Intelligence is no longer the field’s only grail, and consciousness is now front and centre in the science of the mind. This is not only a technical advance; it’s an ethical one. In 1789 Jeremy Bentham asked whether the law could ever refuse its protection to “any sensitive being”, and pointed out that “The question is not, Can [certain beings] reason?, nor Can they talk? but, Can they suffer?”
Suffering requires consciousness, says Bloom; understanding one enables us to tackle the other; so the shift in interest to consciousness itself is a welcome and humanising move.
This strong belief in the humanitarian potential of psychology allows Bloom to defend aspects of his discipline that often discomfort outside observers. He handles issues of environmental and genetic influences on the mind very well, and offers a welcome and robust defence of Alfred Binet’s 1905 invention, the measure of general intelligence or “intelligence quotient”. Bloom shows that the IQ test is as robust a metric as anything in social science.
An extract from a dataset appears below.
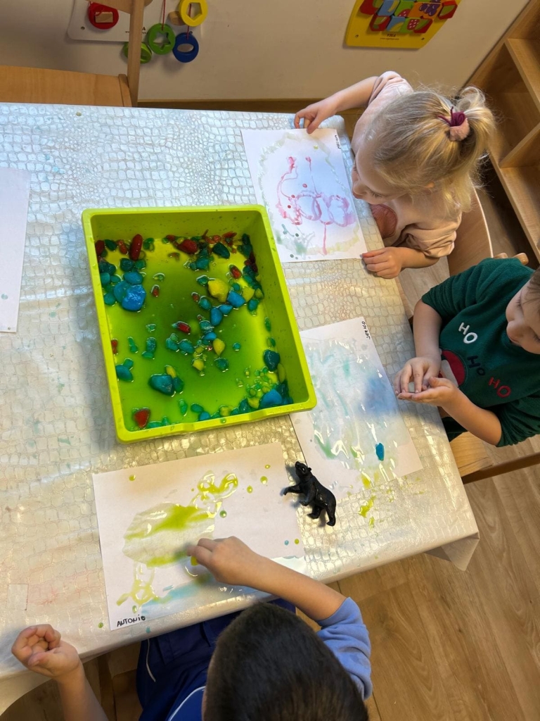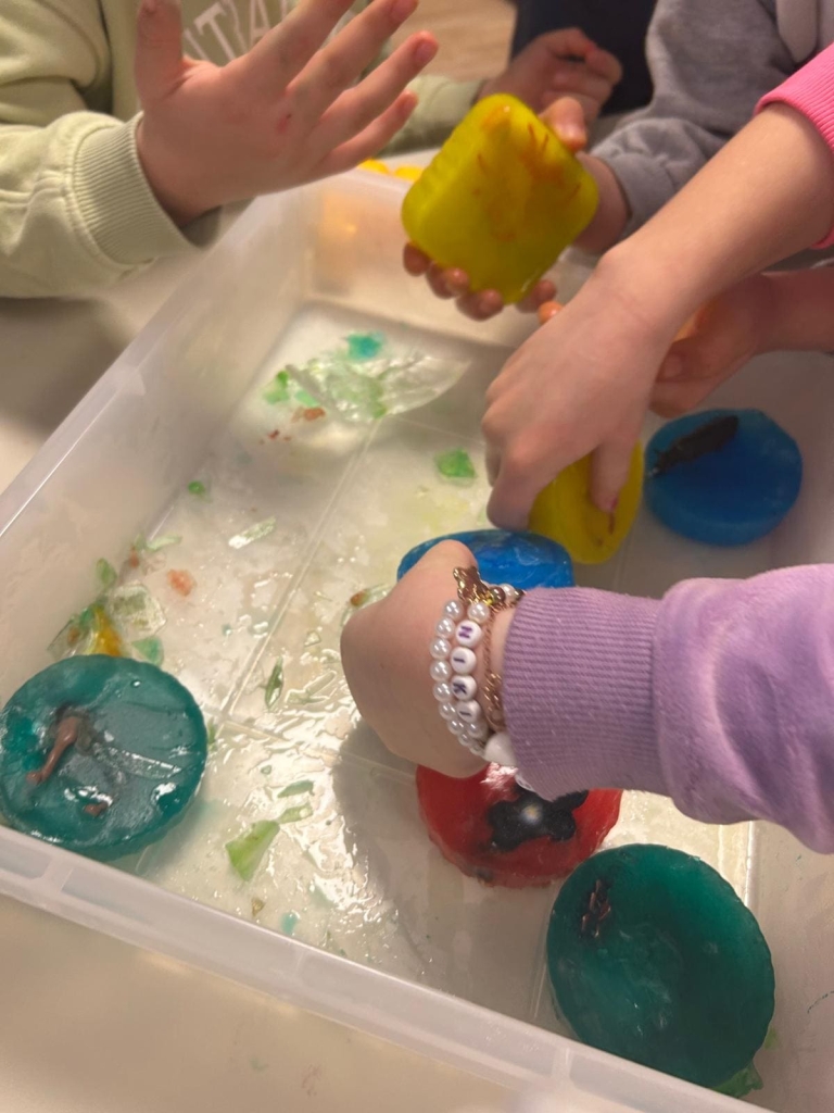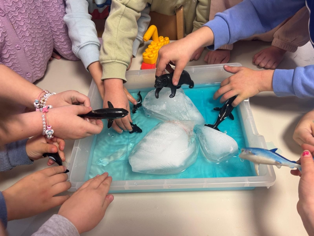 • zamrzavanje vode s bojama i figuricama zimskih životinja

We know that a full half of us score less than 100 on that test; should this knowledge not fill us with humility and compassion? (Actually our responses tend to be more ambiguous. Bloom points out that Nazi commentators hated the idea of IQ because they thought Jews would score better than they would.)
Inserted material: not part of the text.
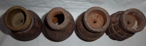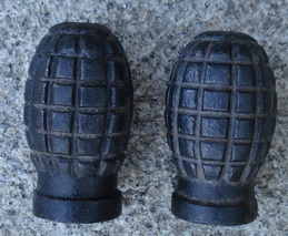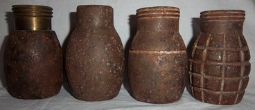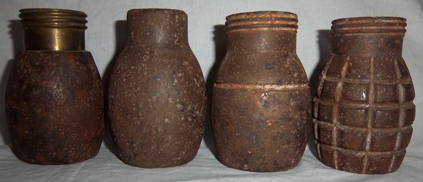 Miguelon nos ha mandado mas información sobre este tipo de granadas, mas concretamente, sobre las granadas Tonelete de Instrucción. Como podéis ver hay un modelo hasta ahora desconocido, concretamente, el segundo ejemplar empezando por la izquierda, la que no tiene rosca en su parte superior. Gracias Miguel, una vez mas, por tu colaboración.

Bloom is concerned to demonstrate that minds do more than think. The privileging of thinking over feeling and intuiting and suffering is a mistake. “A lot depends on what is meant by ‘rational.’ Bloom writes. If you’re stepping outside and it’s raining and you don’t want to get wet, it’s rational to bring an umbrella. But rationality defined in this manner is separate from goodness. “Kidnapping a rich person’s child might be a rational way to achieve the goal of getting a lot of money quickly,” Bloom observes, “so long as you don’t have other goals, such as obeying the law and not being a horrible person.”
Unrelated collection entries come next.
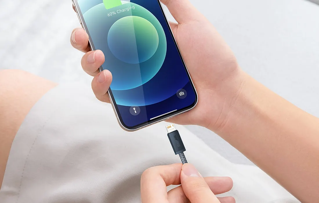 Kábel je vyrobený z vysokokvalitných produktov, ako sú komponenty ABS, ktoré odolávajú oxidácii a vyblednutiu. Gumené časti slúžia ako ochrana portov a kovových svoriek telefónu. Nylonový opletený plášť chráni kábel zvonku, čím zabraňuje deformácii a poškodeniu, ktoré je možné v dôsledku ohýbania. Kompatibilný so zariadeniami Apple od radu 12 po 6S.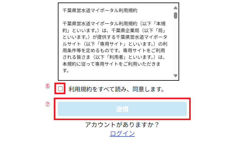 「利用規約をすべて読み、同意します。」にチェックを入れてください。
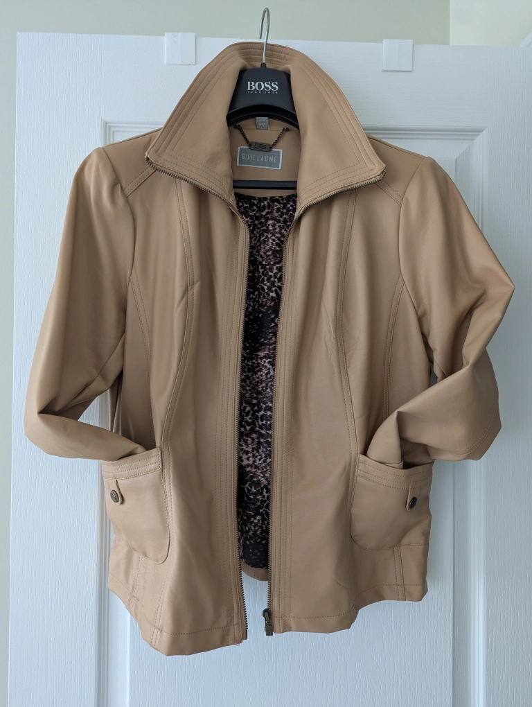 Here's a stylish and chic faux leather Jacket by GUILLAUME, a famous Canadian Designer.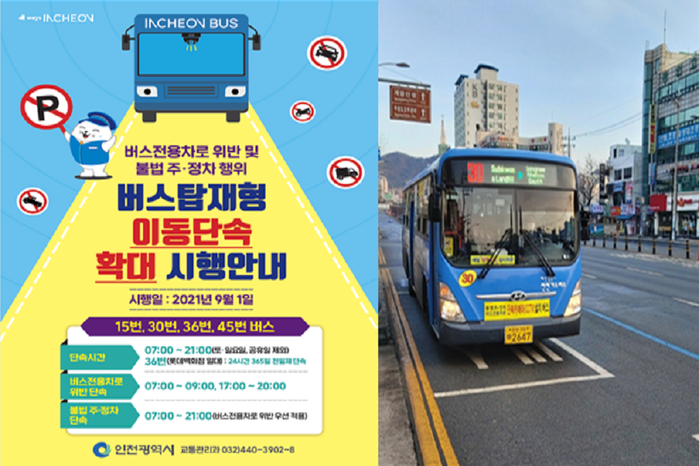 한편 시는 2022년까지 노선버스에 26대(BRT 2대)의 단속카메라를 추가 설치하고, 총 50대의 버스탑재형 이동단속 카메라로 인천시 전 구간에서 단속을 벌일 계획이다.

Bloom’s ultimate purpose is to explain how a robustly materialistic view of the mind is fully compatible with the existence of choice and morality and responsibility. This middle-of-the-road approach may disappoint intellectual storm-chasers, but the rest of us can can be assured of an up-to-the-minute snapshot of the field, full of unknowns and uncertainties, yes, and speculations, and controversies — but guided by an ever-more rounded idea of what it is to be human.